From the New York Times...

 

 

 

 
Passion Is Fashion: 
The Real Story of the Clash
By Pat Gilbert
Da Capo Press
List Price $18.95
Review by Kennedy Weible

Pat Gilbert begins his chronicle of The Clash's story with a first person, present-tense conversation with Joe Strummer, that he ends with the line "Little did we know that within eighteen months he would be dead." Besides setting an ominous tone, this technique also proves to the reader that Gilbert knows his territory, and the people in it, personally. His tome-an impressive 404 pages if you include the index, discography, bibliography, and other assorted back matter-not only tells the story of The Clash, but draws a character out of the time in which the band was conceived, birthed, and then thrived. Gilbert knows better than to glorify a band like The Clash, a band that is attributed with a large social and political weight, as simply that. He goes into surprising depth about the economic, social, and political realities of England during the time each of the band members were children, then teenagers, then The Clash. And he makes cohesive connections between the upbringings of all the band members, and the ideals they were determined to live up to as a band. He describes all this in the easy-to-follow and understand manner that marks the best historians. Like a punk-rock Howard Zinn. Gilbert uses the present tense technique from the Strummer conversation at the beginning of each chapter, with the other living band members and an assorment of roadies, managers, entorage, and Svengalis. It's all very Citizen Kane-a modern journalist mining survivors for the story.

Gilbert has written an intelligent and historical look at a band and a time period. The world was covering its ears as the death-rattle of the 60s revolution faded and punk rock and hostility were perched over England, and Gilbert explores all aspects of culture/genre shift, even some of the more abstract. He writes, "Mentioning the Situationists in the context of punk often elicits theatrical groans and accusations of punk being intellectualised [sic] thirty years after the event." This is the kind of book that starts each chapter with two quotes.

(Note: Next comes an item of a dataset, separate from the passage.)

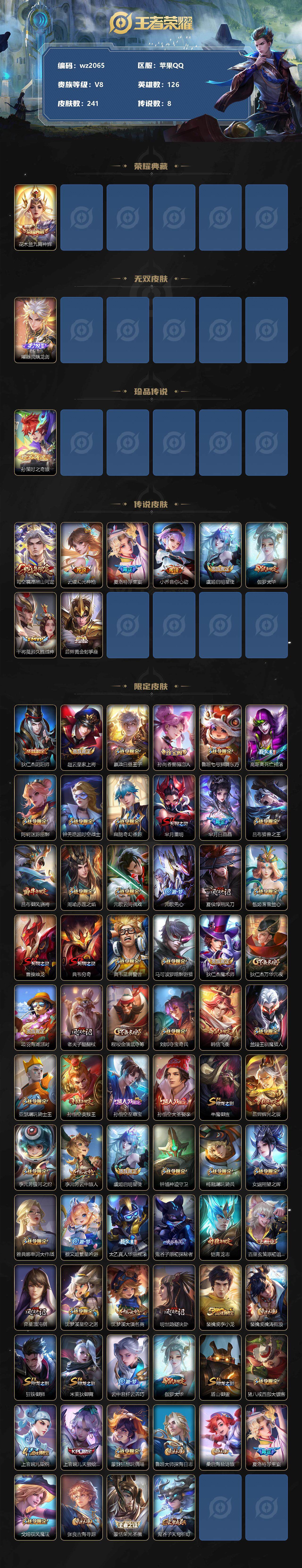 【游戏多多】【王者荣耀】【编号:3338986】【可二次实名】【wz2065】苹果Q-V8-永恒钻石II段位-126英雄-241皮肤-1典藏-0珍品无双-1无双-1珍品传说-8传说-72史诗 【英雄全皮】:蒙恬全皮,戈娅全皮,影全皮 【荣耀典藏】:花木兰九霄神辉 【无双皮肤】:曜器灵螭龙剑 【珍品传说】:孙策时之奇旅 【传说皮肤】:司空震愿照山河定,云缨幻光神枪,夏洛特浮生妄,小乔音你心动,虞姬启明星使,伽罗太华,干将莫邪久胜战神,后羿黄金射手座 【限定皮肤】:狄仁杰阴阳师,赵云皇家上将,嬴政白昼王子,孙尚香蔷薇恋人,鲁班七号狮舞东方,高渐离死亡摇滚,阿轲迷踪丽影,钟无艳超时空战士,扁鹊奇幻香踪,芈月重明,芈月白晶晶,吕布猎兽之王,吕布御风骁将,周瑜赤莲之焰,元歌云间偶戏,元歌无心,夏侯惇朔风刀,甄姬落雪兰心,曹操烛龙,典韦穷奇,典韦蓝屏警告,马可波罗暗影游猎,狄仁杰魔术师,狄仁杰万华元夜,项羽海滩派对,老夫子醍醐杖,程咬金演武夺筹,刘邦夺宝奇兵,韩信飞衡,兰陵王驯魔猎人,亚瑟潮玩骑士王,孙悟空美猴王,孙悟空至尊宝,孙悟空大圣娶亲,牛魔御旌,后羿辉光之辰,李元芳银河之约,李元芳云中旅人,虞姬启明星使,钟馗神迹守卫,杨戬潮玩骑兵,女娲朔望之晖,雅典娜单词大作战,蔡文姬繁星吟游,太乙真人华丽摇滚,鬼谷子原初探秘者,铠青龙志,百里玄策原初追逐者,弈星混沌棋,沈梦溪星空之诺,沈梦溪大漠名商,明世隐疑决卦,裴擒虎李小龙,裴擒虎擒涛扼浪,狂铁御狮,米莱狄御霄,云中君纤云弄巧,伽罗太华,盾山御銮,猪八戒西部大镖客,上官婉儿梁祝,上官婉儿天狼绘梦者,蒙犽狂想玩偶喵,鲁班大师探海日志,桑启海盐诗旅,夏洛特浮生妄,戈娅驭风魔法,张良古海寻踪,蒙恬荣光圣徽,鬼谷子天穹祈灯 【年限皮肤】:铠青龙志,孙悟空美猴王,后羿辉光之辰,吕布御风骁将,伽罗太华,韩信飞衡 【赛季限定】:芈月重明,夏侯惇朔风刀,曹操烛龙,典韦穷奇,狄仁杰万华元夜,老夫子醍醐杖,程咬金演武夺筹,张良古海寻踪,牛魔御旌,李元芳云中旅人,鬼谷子原初探秘者,百里玄策原初追逐者,弈星混沌棋,沈梦溪大漠名商,明世隐疑决卦,裴擒虎擒涛扼浪,狂铁御狮,米莱狄御霄,盾山御銮,鲁班大师探海日志,桑启海盐诗旅,鬼谷子天穹祈灯,蒙恬荣光圣徽 【战令限定】:嬴政白昼王子,鲁班七号狮舞东方,阿轲迷踪丽影,钟无艳超时空战士,扁鹊奇幻香踪,吕布猎兽之王,周瑜赤莲之焰,元歌云间偶戏,甄姬落雪兰心,典韦蓝屏警告,马可波罗暗影游猎,刘邦夺宝奇兵,兰陵王驯魔猎人,亚瑟潮玩骑士王,李元芳银河之约,钟馗神迹守卫,杨戬潮玩骑兵,女娲朔望之晖,雅典娜单词大作战,沈梦溪星空之诺,猪八戒西部大镖客,蒙犽狂想玩偶喵,戈娅驭风魔法 【史诗皮肤】:露娜紫霞仙子,赵云皇家上将,貂蝉圣诞恋歌,王昭君偶像歌手,狄仁杰魔术师,宫本武藏鬼剑武藏,孙尚香蔷薇恋人,孙尚香水果甜心,嬴政摇滚巨星,墨子金属风暴,吕布圣诞狂欢,曹操幽灵船长,吕布末日机甲,张飞乱世虎臣,孙悟空至尊宝,花木兰水晶猎龙者,刘邦德古拉伯爵,夏侯惇乘风破浪,兰陵王暗隐猎兽者,诸葛亮黄金分割率,雅典娜冰冠公主,安琪拉心灵骇客,后羿辉光之辰,铠曙光守护者,李元芳逐浪之夏,程咬金功夫厨神,白起星夜王子,阿轲节奏热浪,嬴政白昼王子,孙策猫狗日记,铠青龙志,孙悟空大圣娶亲,典韦蓝屏警告,鲁班七号狮舞东方,狄仁杰鹰眼统帅,兰陵王驯魔猎人,上官婉儿梁祝,蔡文姬繁星吟游,李元芳银河之约,韩信飞衡,不知火舞魅语,阿轲迷踪丽影,橘右京修罗,上官婉儿天狼绘梦者,马可波罗暗影游猎,蒙犽狂想玩偶喵,百里玄策原初追逐者,裴擒虎李小龙,云中君纤云弄巧,元歌云间偶戏,芈月白晶晶,吕布御风骁将,杨戬天秀启明,钟无艳超时空战士,元歌无心,扁鹊奇幻香踪,刘禅电玩爆裂旋风,戈娅驭风魔法,蒙恬荣光圣徽,百里守约百相守梦,孙膑茶境仙,白起苍鳞隐世,赵怀真器灵浮梦炉,亚连糖绘人间,狄仁杰绮世丹青,阿轲化蝶舞,刘禅鸭鸭历险记,狂铁龙之律动,老夫子藏狐褐绒,后羿石田雨龙,周瑜百相守梦,公孙离涂山容容 【其他皮肤】:项羽海滩派对,韩信教廷特使,韩信街头霸王,露娜哥特玫瑰,达摩大发明家,赵云忍炎影,芈月红桃皇后,程咬金星际陆战队,白起白色死神,牛魔西部大镖客,扁鹊化身博士,妲己少女阿狸,亚瑟死亡骑士,达摩拳王,孙悟空美猴王,花木兰兔女郎,张飞五福同心,宫本武藏万象初新,后羿阿尔法小队,狄仁杰阴阳师,刘备纽约教父,高渐离死亡摇滚,刘备汉昭烈帝,关羽龙腾万里,钟无艳海滩丽影,宫本武藏霸王丸,曹操烛龙,芈月重明,狂铁命运角斗场,老夫子功夫老勺,典韦穷奇,诸葛亮掌控之力,鬼谷子幻乐之宴,狂铁御狮,太乙真人华丽摇滚,苏烈坚韧之力,大乔守护之力,项羽科学大爆炸,米莱狄御霄,吕布猎兽之王,明世隐虹云星官,张良幽兰居士,庄周奇妙博物学,牛魔御旌,女娲朔望之晖,小乔丁香结,钟馗神迹守卫,盾山御銮,孙膑归虚梦演,

Gilbert is no mere fanboy though, and he points out The Clash's less redeemable qualities-like their habit of publicly trashing anyone who was ejected from their inner-circle-and holds them accountable for some of their more ridiculous preachings. When Strummer pulls out a knife during an interview and says, "Suppose I smash your face in and slit your nostril with this, right? If you don't learn anything from it, then it's not worth it, right?" Gilbert doesn't hesitate to point out that he "sounds like an idiot."

This is a band story that you won't have to dumb yourself down to read. Passion is a Fashion: The Real Story of The Clash covers the comraderie and affection the guys had for one another, the political and social upheaval of the times that they trew themselves into, and the progression that music owes the likes of The Clash, all in a delicately woven prose, meant to support the story without ostentaion or dramatics.